* _PROBLEM TO SOLVE_
Exactly as written, return all the data, leaving its pictures behind.

* _TASK MATERIAL_
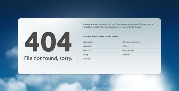 Beautiful 404 Error Page inspired by Idea Template. Site links included for better user experience.
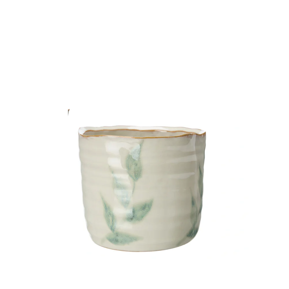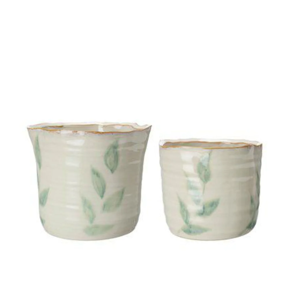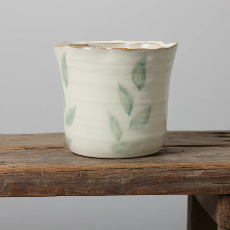 Vacker Kruka Viola i stengods med elfenbensvit bas och dekorativa gröna blad. Den vågiga formen och den handgjorda känslan ger ett levande och personligt uttryck som passar perfekt i både klassisk och modern inredning.
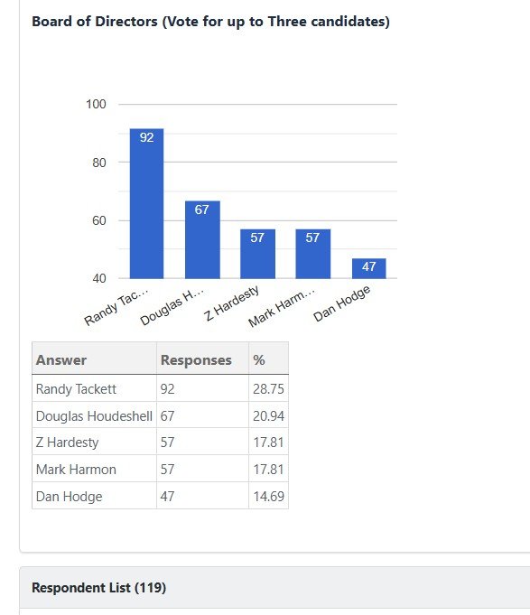 *There was a tie for the third board position between Z Hardesty and Mark Harmon. The tie breaker was settled by the OVR members attending the Elections Socializer with Z Hardesty winning the tie breaker.
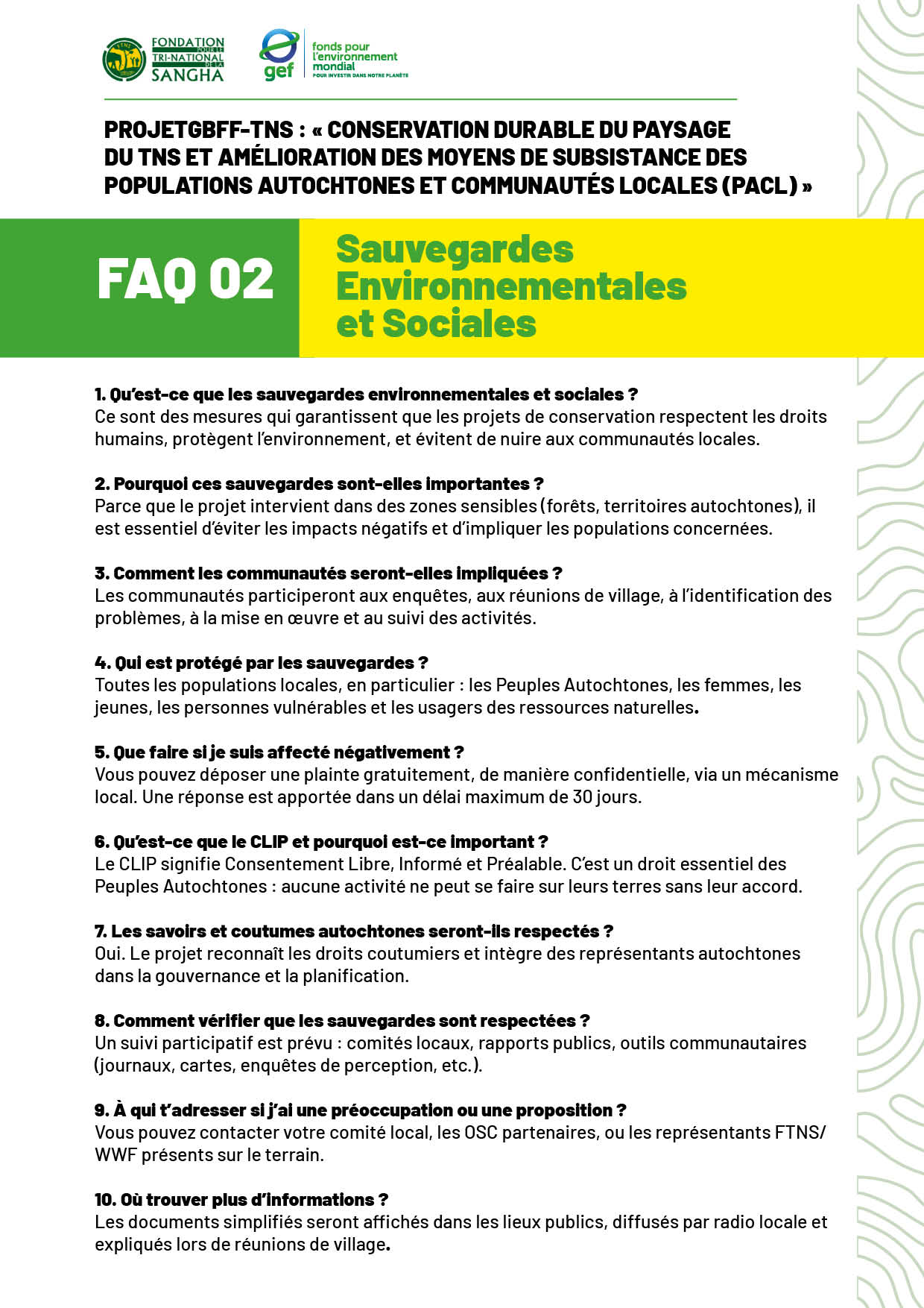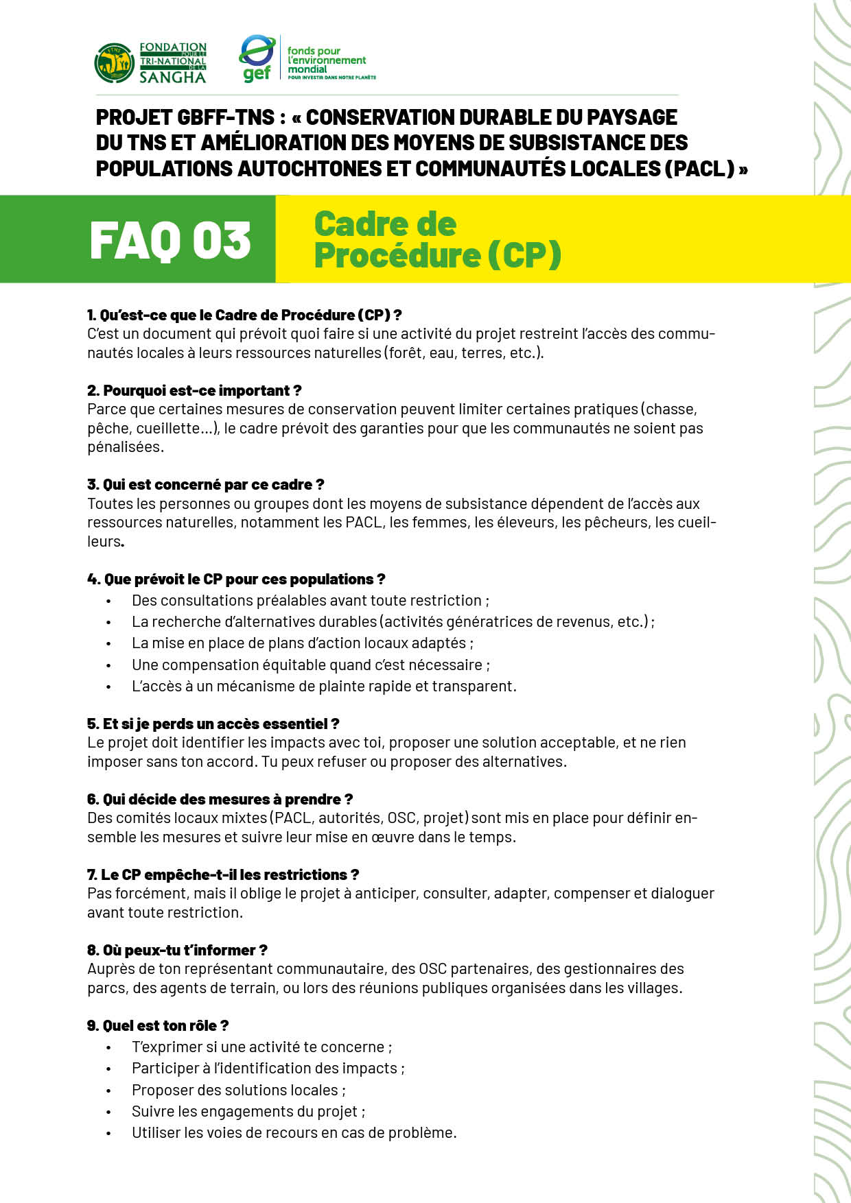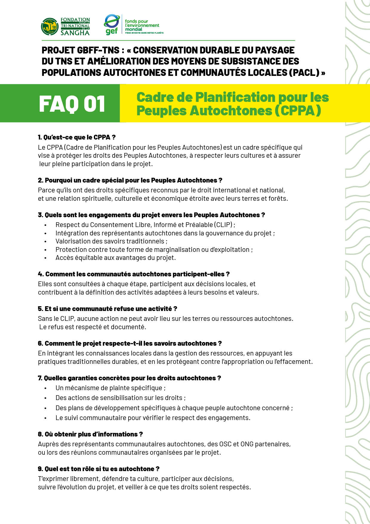 FAQ 1 Cadre de Planification pour les Peuples Autochtones (CPPA)
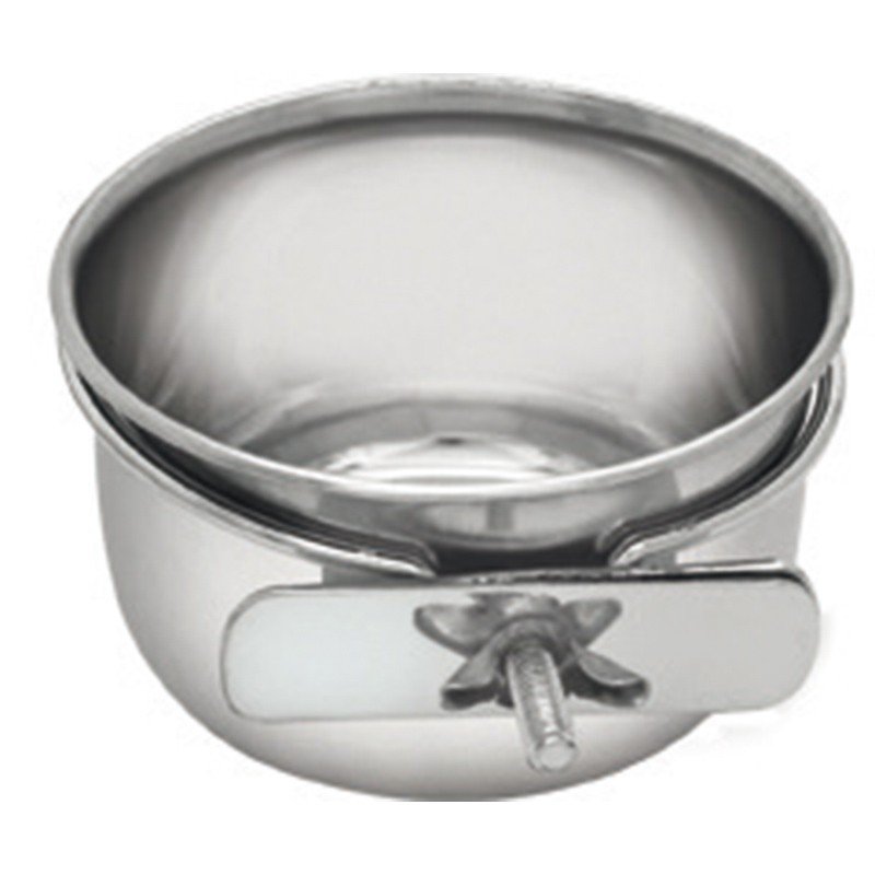 Comedero en acero inoxidable que incluye una brida y una palomilla metálica para su instalación en panel rígido o de malla adaptable para cualquier jaula. Plato extraíble para facilitar el relleno del pienso y con el borde redondeado para evitar cortes en las patas o en la boca del animal.
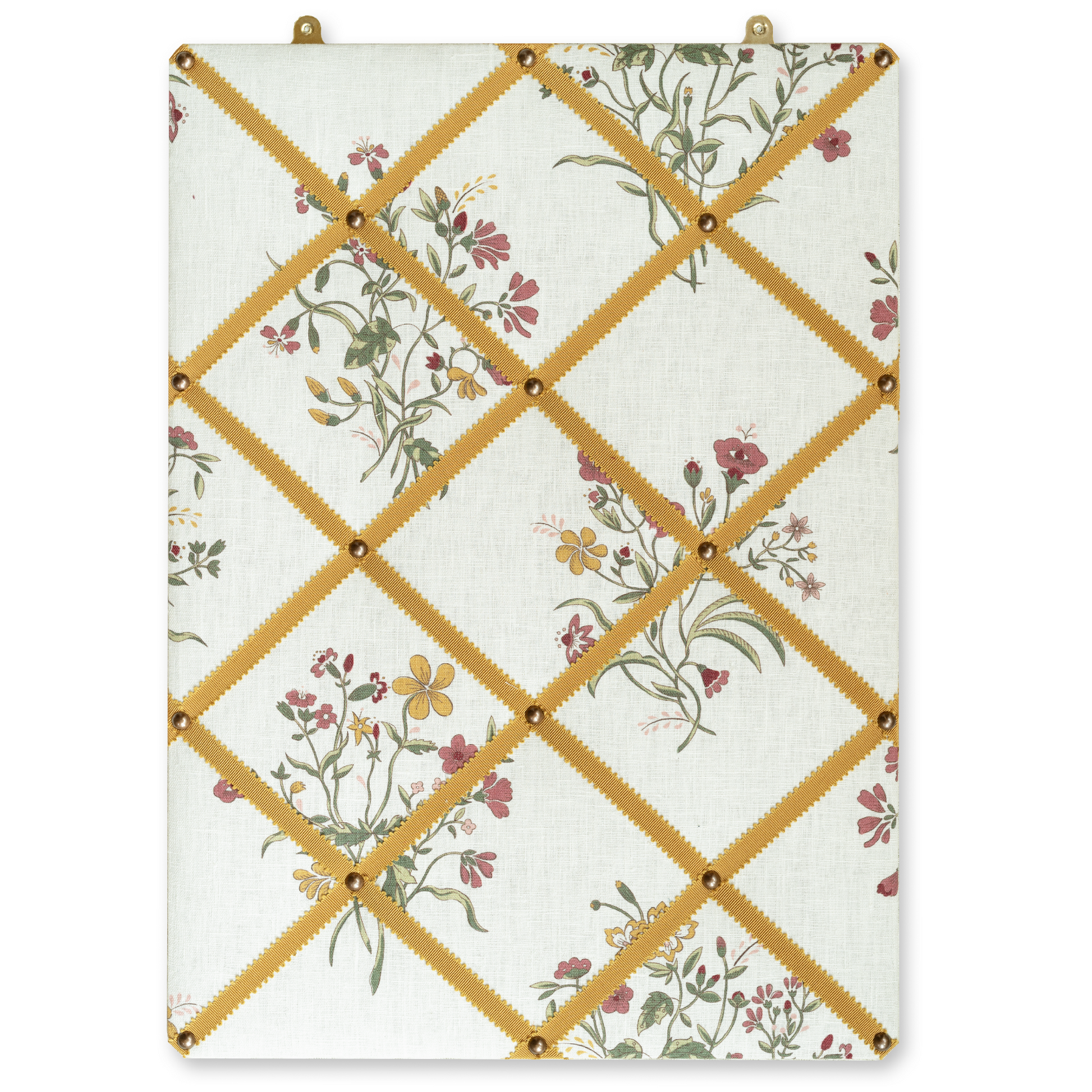 Ribboned Bulletin Board in Volga’s Flax & Field Flower Scarlet Print with Ochre Trim

* _SOLUTION TO THIS EXERCISE_
 Beautiful 404 Error Page inspired by Idea Template. Site links included for better user experience.
 Vacker Kruka Viola i stengods med elfenbensvit bas och dekorativa gröna blad. Den vågiga formen och den handgjorda känslan ger ett levande och personligt uttryck som passar perfekt i både klassisk och modern inredning.
 *There was a tie for the third board position between Z Hardesty and Mark Harmon. The tie breaker was settled by the OVR members attending the Elections Socializer with Z Hardesty winning the tie breaker.
 FAQ 1 Cadre de Planification pour les Peuples Autochtones (CPPA)
 Comedero en acero inoxidable que incluye una brida y una palomilla metálica para su instalación en panel rígido o de malla adaptable para cualquier jaula. Plato extraíble para facilitar el relleno del pienso y con el borde redondeado para evitar cortes en las patas o en la boca del animal.
 Ribboned Bulletin Board in Volga’s Flax & Field Flower Scarlet Print with Ochre Trim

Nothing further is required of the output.